My first employment was at a primary school in a small town a short bus ride from Detmold. This first year in my teaching career proved to be demanding, as I had to cover all the subjects and do a lot of reading—sometimes I was just a few pages ahead of my pupils! Every lesson had to be prepared in writing, available for the supervisor who appeared, unannounced, on a number of occasions.

I was waiting for a position teaching music and German to become available in Lemgo nearby, which was to become vacant in 1961. There I was the first and only music teacher of the school, and I now had a modest budget to buy the necessary equipment. I promptly bought six violins and music stands and started teaching my violin pupils in the afternoons. This was the humble beginning of a little school orchestra later on. I also formed a small choir to perform for special occasions. In the beginning these were always a bit stressful for me, as I felt responsible for each of my singers and could not be sure how they would react under pressure. In my teaching I was always very careful not to have any “favourite” pupils in my class. When we prepared a play for parents’ day I was just guiding the children. The children wrote the play, they decided who should get the individual parts, they made the costumes, and as there were a number not directly involved in the play, I made sure they had other duties and thereby did not feel left out.

In the early days of the GDR Hildi’s sister (now married with two small children) could visit occasionally—always without her husband. Hildi’s parents regularly sent food parcels; their finances still stretched, her mother resumed teaching.

It was a terrible shock when the Berlin Wall (“Anti-Fascist Protection Rampart”) was built in August 1961. As it happened, just beforehand Hildi’s sister managed to visit her family in Minden, with her little boy and a daughter still not one year old. Of course they wanted her to stay—but despite the GDR’s escalating problems, they understood her decision to return again to her husband and home.
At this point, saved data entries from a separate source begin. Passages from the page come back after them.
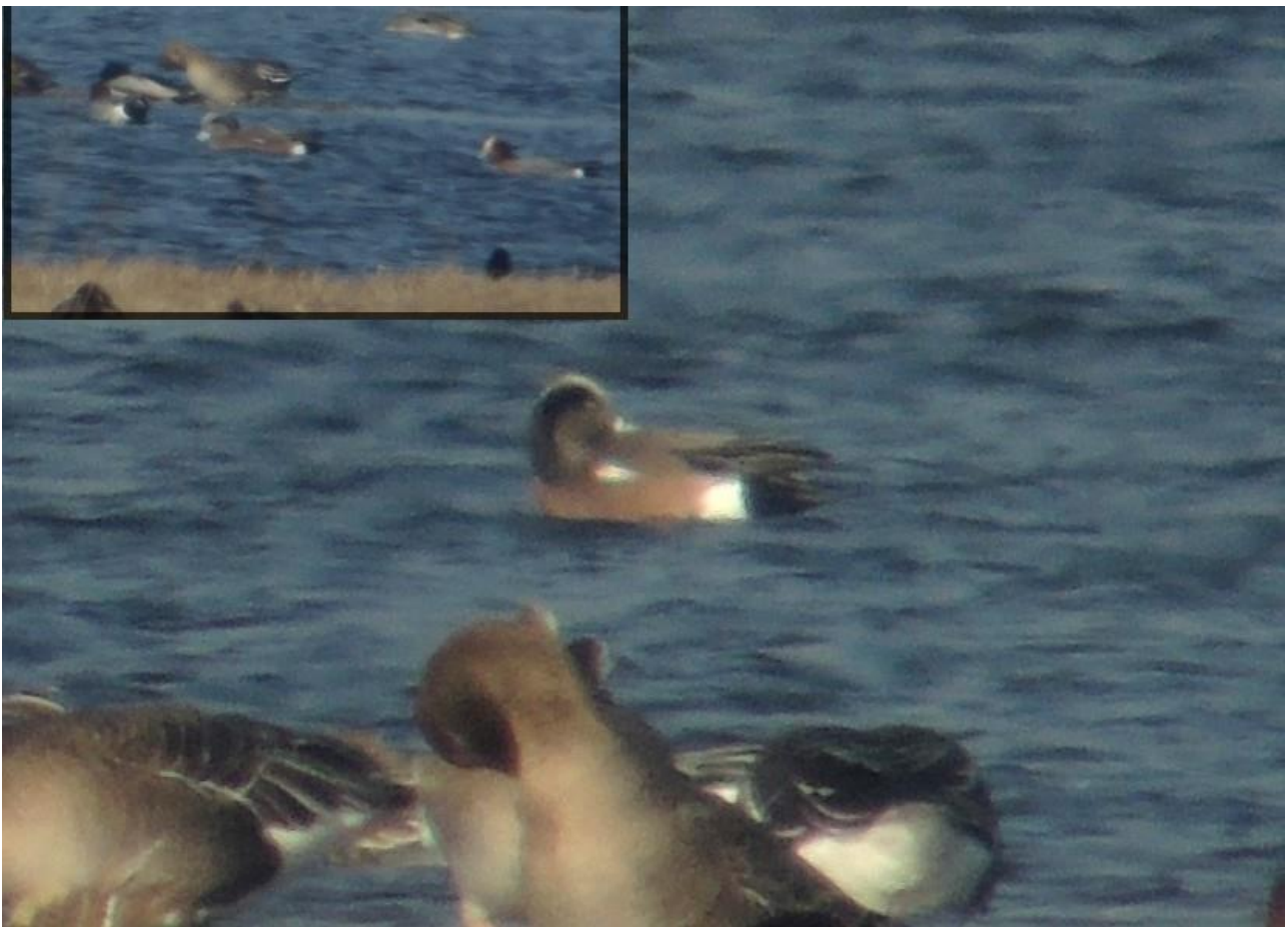
Świstun amerykański – 28.02/Dolina Narwi-Góra Strękowa
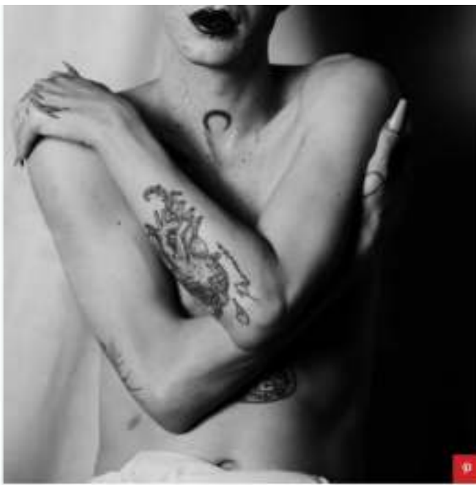
Francesca Schiavone - Benito Pesenti
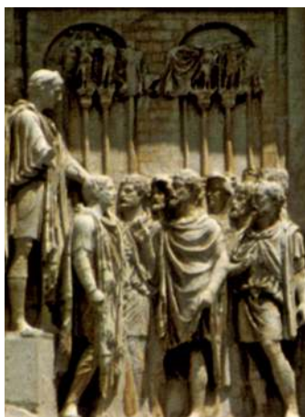
Пленные германцы перед императором. Барельеф с арки Константина в Риме. V в.

Когда Рим был силён, он держал варваров в узде, обращая их земли в свои провинции, вводя там свою культуру. Но когда Империя ослабла, варвары стали чаще совершать на неё набеги, и целью их была уже не добыча, как в былые времена, а возможность жить на землях Рима на правах римских граждан. Варвары заселяли римские провинции, и так проходила варваризация Империи. Римские императоры, не доверяя собственному народу, предпочитали набирать в армию варваров, не имевших связей в римском обществе. За службу варвары получали землю и римское гражданство. К концу III в. н.э. римская армия уже на \frac{3}{4} состояла из варваров. Дослужившись до высоких должностей, вожди варваров получали доступ к власти.
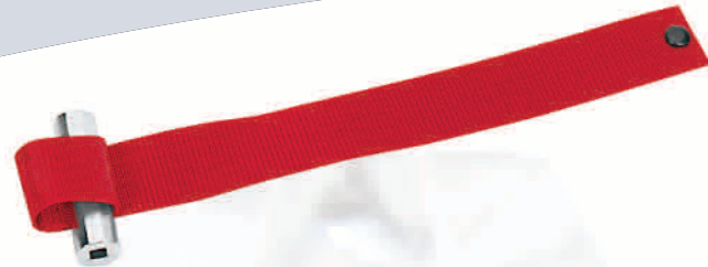
A91E Filterband mit 3/8" und 1/2" Antrieb. Für Filter mit Ø von 25-150mm geeignet.
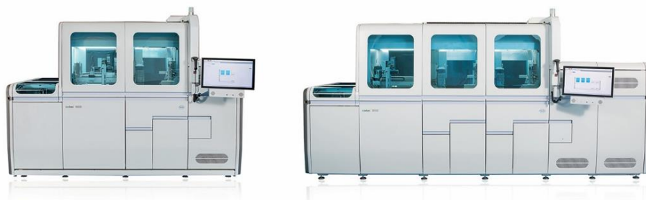
Bild 2. cobas 6800 (till vänster i bild) och cobas 8800 (till höger i bild).

Sjukhus- och referenslaboratorier kan utföra testet på Roches helautomatiserade cobas 6800 och cobas 8800-system. Testet kan köras samtidigt med andra analyser från Roche på dessa system. System av typen cobas 6800 finns idag i några regioner i Sverige.
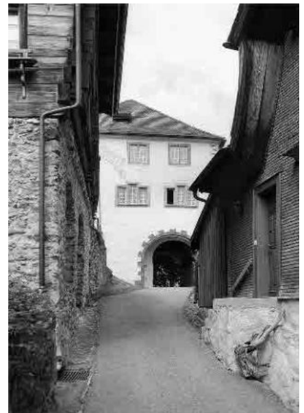
11 Rathaus, erb. nach 1478

From now on, visits from East to West were only granted under exceptional circumstances. It became increasingly difficult for Hildi’s family to visit her sister too: after filling in elaborate forms, they faced uncomfortable checks at the border, with guards watching on both sides of the train, Kalashnikovs poised. Visitors were invited  to attend the political “welcome meetings” to extol the praises of the GDR; though not compulsory, any absence would have been noted down. Hildi’s mother had returned from a previous visit seething and debilitated; later, afraid that her mother would be unable to sit through the propaganda without exploding, Hildi’s sister discouraged her from going.

1963–66: Zurich and the world
In 1963 Hildi’s life took yet another new course. By now the violin was playing an increasingly important role in her life. She pursued her studies further by continuing her lessons with Prof. Otto Schad at the Akademie in Detmold, and she enjoyed the chamber-music tuition with Prof. Günther Weißenhorn. She received her violin-teaching diploma at Münster in May 1962, and began getting occasional engagements for concerts.

Inheriting an attraction to Switzerland from her mother, she now boarded her first aeroplane (alone and terrified) to audition for the Zurich Chamber Orchestra. Wanting to keep it a secret, she took a flight from Hanover directly after school finished on a Saturday. After the audition on Sunday she took the sleeper back home, and went straight back to work at her school. The following week she received a letter offering her the Zurich job. She was overjoyed, but now she had to break the news to her parents, and (right in the middle of term) to the headmaster of the school where she was teaching. But of course they were pleased for her, even if they assumed she would come back one day.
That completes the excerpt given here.